Sony says that it’s investigating allegations of a cyberattack this week as totally different hackers have stepped as much as declare accountability for the purported hack.
Whereas claims of attacking Sony’s techniques had been initially made by an extortion group known as RansomedVC, a distinct menace actor has touted themselves to be the attackers and refuted RansomedVC’s claims.
To date, over 3.14 GB of uncompressed knowledge, allegedly belonging to Sony, has been dumped on hacker boards.
Sony investigating as 3.14 GB of information leaked
This week, a menace actor by the identify of RansomedVC claimed it had hacked SONY.com and put its “knowledge and entry” up on the market.

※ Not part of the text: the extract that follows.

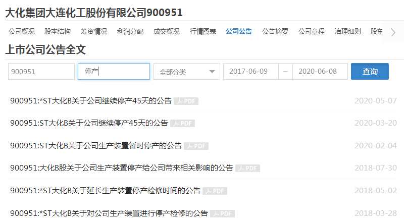 值得注意的是,*ST大化B多次發(fā)布停產(chǎn)公告。以停產(chǎn)為關(guān)鍵詞搜索公司相關(guān)公告,僅在2020年上半年,停產(chǎn)時(shí)間就達(dá)135天。公司主要生產(chǎn)裝置的較長(zhǎng)時(shí)間停產(chǎn),使公司面臨較大經(jīng)營(yíng)風(fēng)險(xiǎn)。

“We have now efficiently [compromised] all of Sony techniques,” learn a be aware posted on RansomedVC’s onion leak website. “We wont ransom them! we are going to promote the info. on account of Sony not desirous to pay.”
(BleepingComputer)
BleepingComputer noticed the pattern knowledge posted by RansomedVC was minuscule, about 2 MB—comprising a PowerPoint presentation, some Java supply code information, Eclipse IDE screenshots, and different property.
RansomedVC claimed to BleepingComputer that it had breached Sony’s networks and stolen 260 GB of information through the assault that they’re trying to promote for $2.5 million.
Opposite to its identify, RansomedVC is an extortion group, somewhat than a ransomware operation, as they instructed us they’re nonetheless creating an encryptor.
We reached out to Sony Company for affirmation concerning the assault.
“We’re at present investigating the scenario, and we have now no additional remark presently,” a Sony Group Company spokesperson instructed BleepingComputer this morning.
Nevertheless, the issues have develop into murky, with one other menace actor ‘MajorNelson’ additionally claiming accountability for the assault, and refuting RansomedVC’s claims.
“You journalists consider the ransomware crew for lies. Far too gullible, you ought to be ashamed,” the menace actor MajorNelson posted on BreachForums, criticizing current information studies which have attributed the assault as actual with out affirmation and credited RansomedVC.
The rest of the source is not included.